An obvious example of this is inflation. High inflation means the cost of goods and services is rising faster than earnings and interest rates. Essentially, inflation is your spending power in a given economic climate. Therefore, if inflation is high, it means spending power is low, i.e. you get less for your dollar at the checkout.

Some Things Are Beyond Your Control

Even if you have savings and manage a monthly budget like an accountant, you can’t control inflation. Therefore, even with the best will in the world, you’ll end up spending more during times of high inflation. This, in turn, will impact your finances. Another macroeconomic factor you have no control over is the housing market. Owning a property contributes to your net worth and, if the housing market is in a slump, your finances will take a dip.

Investors also have to contend with macroeconomic factors. There’s inherent risk within the financial markets. Individual securities come with certain risks, but the markets as a whole also carry a certain amount of risk. If there’s a financial crisis and the stock market crashes, you can’t do anything about it.

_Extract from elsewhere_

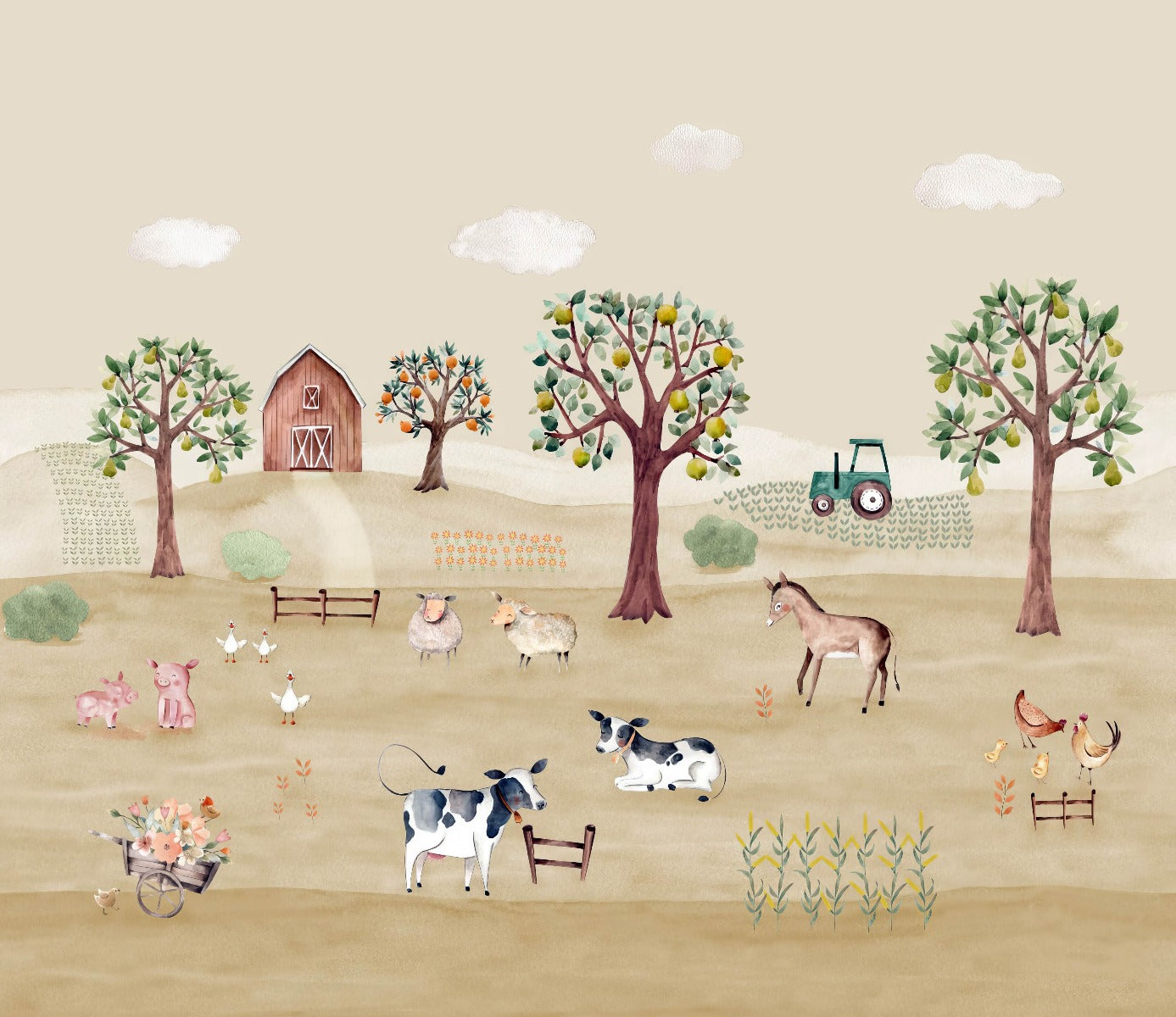 The barnyard bliss mural is the perfect addition to your child's nursery. This nursery wallpaper represents a fantastic farm scene that evokes curiosity and delight in young minds. The soft tones of the landscape mix with the very detailed animals to create an engaging atmosphere. Every piece is crafted to promote love for nature and farm life, promoting educational play and discovery. Made from premium quality materials, this mural is tear-resistant. It maintains its beauty in all the rigours of daily life to provide a good focal point that teaches and adorns. This fantastic setting enhances the room's beauty, but it will also be one of the excellent tools for teaching children about other animals and rural life.
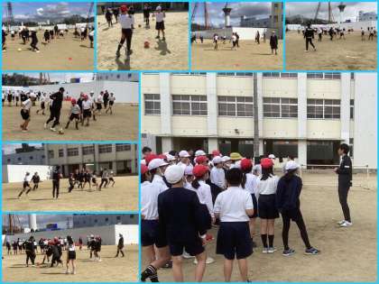 セレッソ大阪のコーチをお招きして、トップアスリート「夢・授業」を行いました。昨日までの雨で開催できるか心配でしたが、5年生の気持ちが届いたのでしょう。お日様も顔をのぞかす天気となりました。「楽しむこと」をねらいとして、ボールタッチゲームやドリブル散歩など、だれもが楽しめるボール運動をしました。最後はコーチ&先生チームとの試合!子どもも大人も本気で勝負しました。

That’s obviously a problem if you own stock.

The picture we’re painting here isn’t meant to scare you. There are things in life you can’t control, and some of these things will impact your financial situation. The good news is that you can prepare yourself for any hurdles that might be heading your way. There are a plethora of online resources to help you stay updated, such as this economic data calendar, which provides a clear overview of important events that could affect your finances.

Macroeconomics of Managing Your Money

Planning for Future Changes

For example, if you filter the results by country and importance, you’ll see that the US government typically announces its core inflation rates during the second week of each month. As we’ve said, you can’t change what’s going to be announced. You can read the latest financial news stories to see what the latest rate of inflation might be, but you can’t change it. However, if you use the economic calendar to see when the next announcement is due, you have the option to wait for that date before making major financial decisions.

Then, once the announcement has been made, you can adjust your spending as necessary. The quicker you can adjust your spending, the better chance you’ve got of saving money. Again, there will be unavoidable changes to your finances when inflation rates shift significantly. However, the more aware you are, the better you can react. The broader point here is that managing your money effectively requires planning.

Using an economic calendar to monitor important events is a form of planning. It allows you to think ahead and react to situations in less time than you otherwise could. That’s important if you’re trying to be smart with your money. What’s more, it shows why you can’t be hyper focused on your own situation. There’s a whole world of financial dynamics out there, and ignoring them is less beneficial for financially minded people. So if you want to make the most of the small stuff, make sure you’re always looking at the bigger picture.